The payout for Sir Alan comes more than 20 years after he started campaigning for justice for victims of the Horizon scandal which led a group of 555 sub-postmasters launching landmark legal action against the Post Office.

The exact sum paid to Sir Alan has not been made public and he has not responded to requests for comment.

Between 1999 and 2015, more than 900 sub-postmasters were wrongly prosecuted after the faulty Horizon IT system indicated shortfalls in Post Office branch accounts.

Hundreds more poured their own savings into their branch to make up apparent shortfalls in order to avoid prosecution.

Marriages broke down, and some families believe the stress led to serious health conditions, addiction and even premature death.

A spokesperson for the Department for Business and Trade said: “We pay tribute to Sir Alan Bates for his long record of campaigning on behalf of victims.

“We can confirm that Sir Alan’s claim has reached the end of the scheme process and been settled.”

As of September 2025, a total of £1.23bn had been awarded to more than 9,100 sub-postmasters.

Sir Alan first received an offer of redress in January 2024, which he rejected, describing it as “cruel and derisory”.

He was made another offer in May 2024 which he said was around a third of what he had requested.
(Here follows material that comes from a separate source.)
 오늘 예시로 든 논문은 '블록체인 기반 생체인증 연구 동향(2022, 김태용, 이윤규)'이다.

In May of this year, he said that he’d received a third offer for less than 50% of his original claim.

Sir Alan was part of the Group Litigation Order compensation scheme, under which claimants can either receive £75,000 or seek their own settlement.
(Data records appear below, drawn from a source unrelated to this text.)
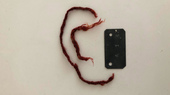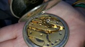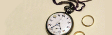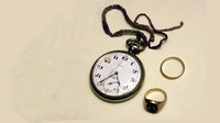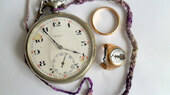 La montre-gousset avec la ficelle que je faisais au crochet quand j'étais petite, et l'alliance avec le nom de ma mère.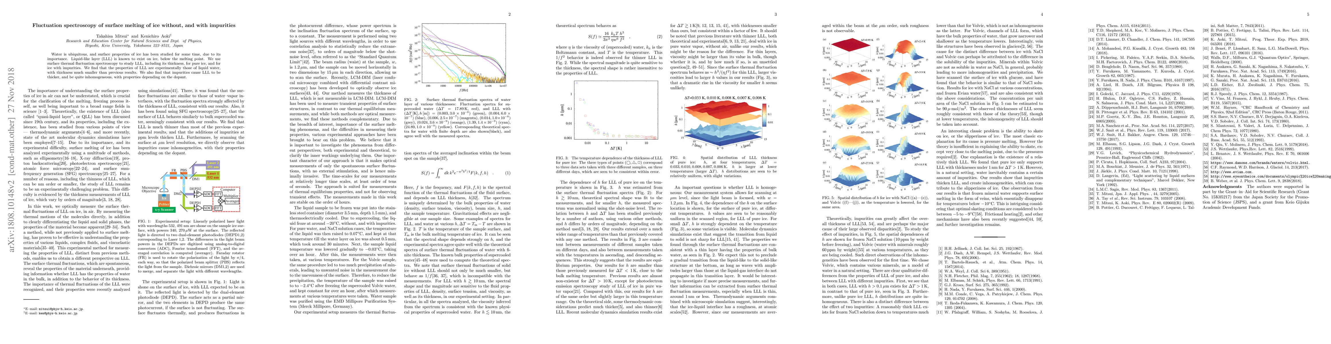Water, in its three phases, is ubiquitous, and the surface properties of ice is important to clarifying the process of melting, as well as to various other fields, including geophysics. As such, the subject has been studied both theoretically and experimentally, for over a hundred years, while being an active field of research today. It has been established that surface melting, or premelting, exists below the melting point, and a `liquid-like layer' (LLL) exists on the surface of ice. Here, we use the surface thermal fluctuation spectra to study the properties of LLL, including its thickness, for pure ice, and for ice with impurities. We find that the properties of LLL are consistent with those of bulk liquid water, and for layers thicker than 10\,nm, their properties are experimentally indistinguishable from those of liquid water. Measured thicknesses are found to be much smaller than the previous experimental measurements close to the bulk melting temperature. We find that the additions of impurities at ppm levels cause LLL to be thicker, as well to be quite inhomogeneous, with properties depending on the dopant. This is revealed by scanning the surface at $\mu$m level resolution, and can contribute to the slipperiness of ice in natural settings.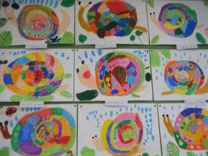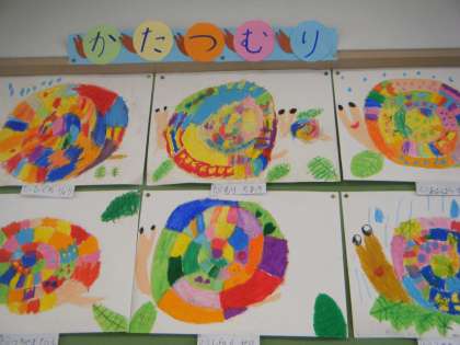 図工で描いたかたつむりが完成しました。どのかたつむりも個性的で素敵に仕上がりました。日曜参観のときにもまだ掲示していますので、楽しみにしていてください。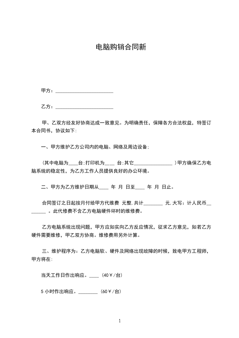 一、甲方维护乙方公司内的电脑、网络及周边设备;
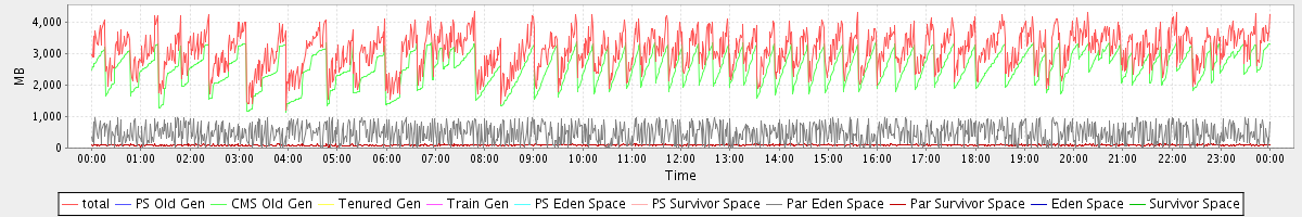 avg(total) = 3096.20 avg(PS Old Gen) = 0.00 avg(CMS Old Gen) = 2531.37 avg(Tenured Gen) = 0.00 avg(Train Gen) = 0.00 avg(PS Eden Space) = 0.00 avg(PS Survivor Space) = 0.00 avg(Par Eden Space) = 471.03 avg(Par Survivor Space) = 93.80 avg(Eden Space) = 0.00 avg(Survivor Space) = 0.00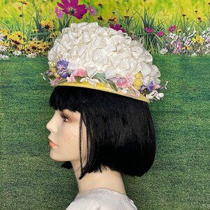 Gorgeous Floral and White Cellophane Straw Hat with so much character! She's from Sears Roebuck and Co. U.S.A. in the 60s. Exterior of the hat is in excellent condition with no flaws from what I can tell. The interior yellow velvet lining only shows light signs of normal wear for its age with a few very small spots. Tag is still in tact and attached. Inner circumference is 20 1/4" and hat stands about 4" tall. Thank you for stopping by Lucy and Ethel's Vanity!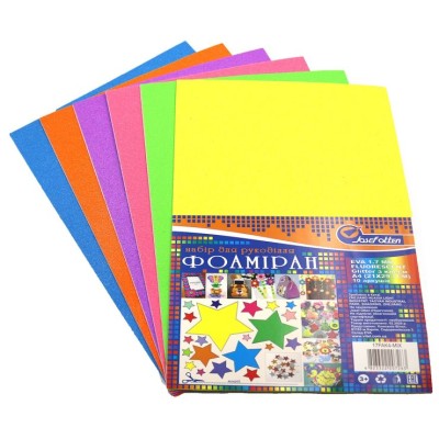 Фоаміран A4 товщиною 1,7 мм 6 аркушів флуорисцентних з глітером, різнокольоровий, ТМ J.Otten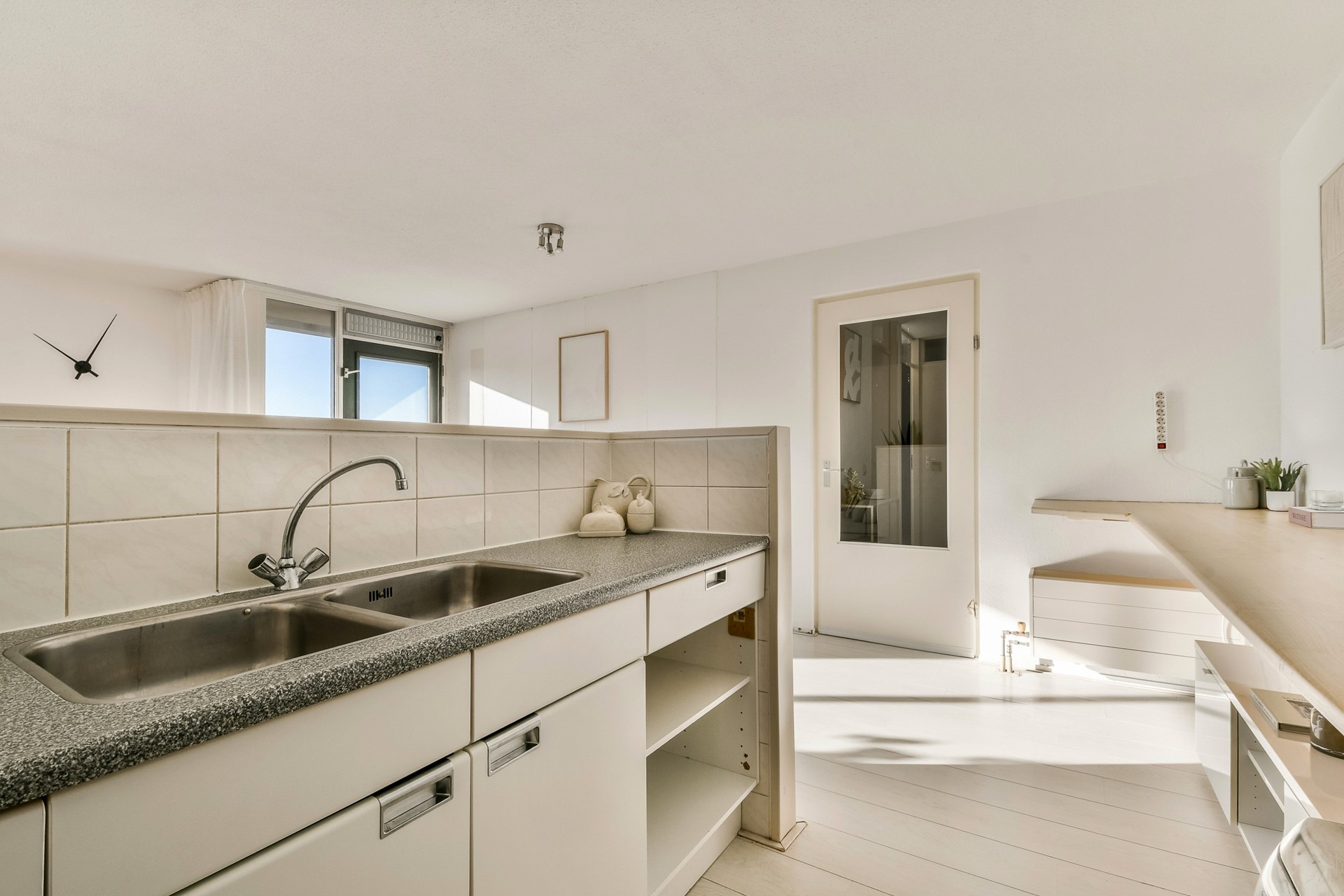 De woonkamer is gelegen op het zuiden en biedt toegang tot het eveneens op het zuiden gesitueerde balkon. Aangrenzend bevindt zich de halfopen keuken. Daarnaast is er een praktische bijkeuken met voldoende bergruimte; hier is tevens de cv-installatie geplaatst.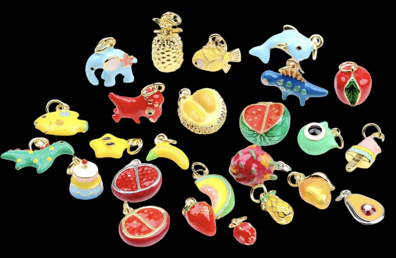 Animals Enamel Charms, Enamel Pendant, 18K Gold Filled Fruit

As part of plan to claim his own settlement, Mr Bates told the BBC his lawyers had included compensation owed for his 20 years of campaigning for justice for those sub-postmasters caught up in the scandal.

The Post Office/Horizon scandal reached new heights in the public consciousness last year after Sir Alan’s campaign for justice was portrayed in the ITV drama series Mr Bates vs the Post Office.

The government adopted all but one of the recommendations of a report published following an inquiry into the scandal.

The inquiry detailed the full human impact of the scandal for the first time: the report said that more than 13 people may have taken their own lives as a result of what happened to them.

Earlier this year, Sir Alan accused the government of putting forward a “take it or leave it” offer of compensation amounting to less than half of his claim.

Many victims have previously complained about being forced to accept low offers of compensation, without the benefit of legal help.

Last month, the government announced that all victims who are claiming compensation will now be entitled to free legal advice to help them with their offers.

There are four different compensation schemes, which are aimed at different groups of victims.

Individual eligibility for compensation depends on the particular circumstances of each case.

However, the schemes have been criticised for being too slow and complicated, with many of the worst-affected victims receiving far less than their original claims.